Directions:
Apart from the pictures, everything in the lines below must be printed exactly.

** Opening The data block **

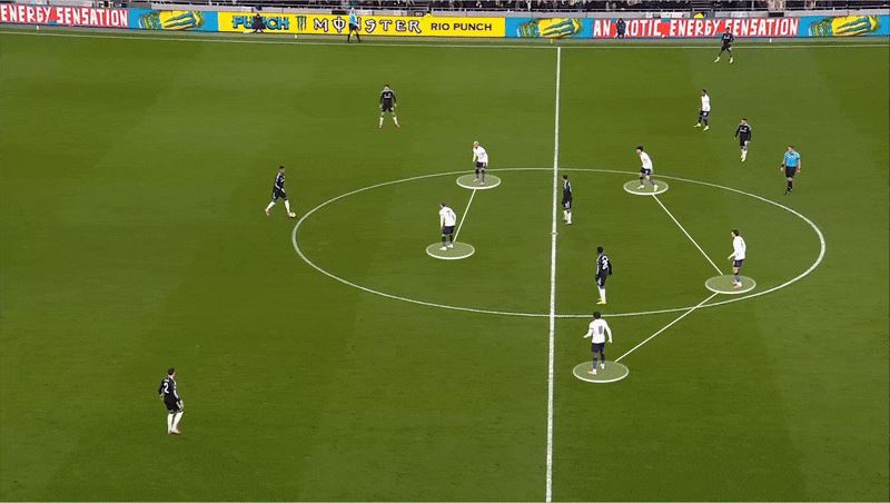 罗梅罗和范德芬经常顶出防线,由本坦库尔回撤填补空当。但当对手快速进攻时,这些轮转更难执行,热刺也因此受到了惩罚。
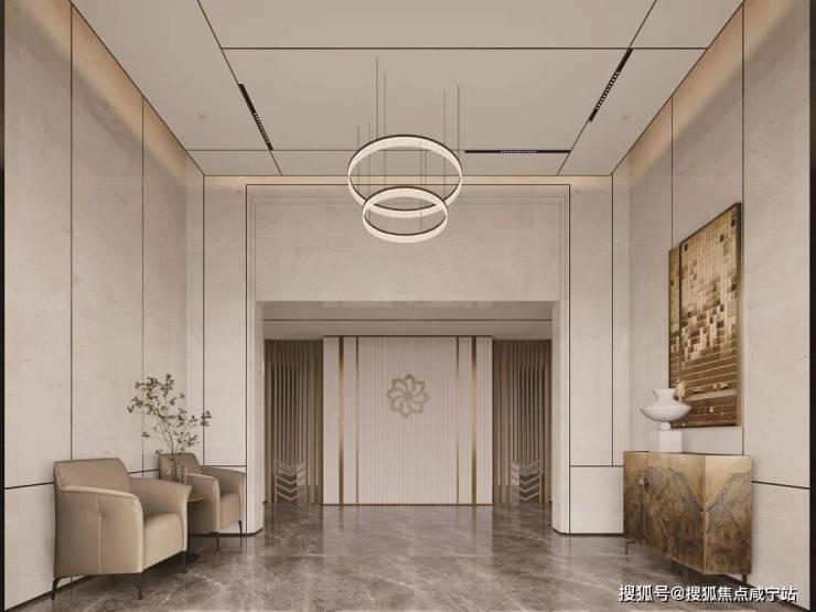 再次,项目首层大堂与电梯轿厢品质感拉满。
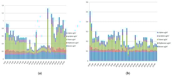 BTEX compounds during a sunny (a) and rainy day (b), measured in PP.

** Closing The data block **

Task answer:
 罗梅罗和范德芬经常顶出防线,由本坦库尔回撤填补空当。但当对手快速进攻时,这些轮转更难执行,热刺也因此受到了惩罚。
 再次,项目首层大堂与电梯轿厢品质感拉满。
 BTEX compounds during a sunny (a) and rainy day (b), measured in PP.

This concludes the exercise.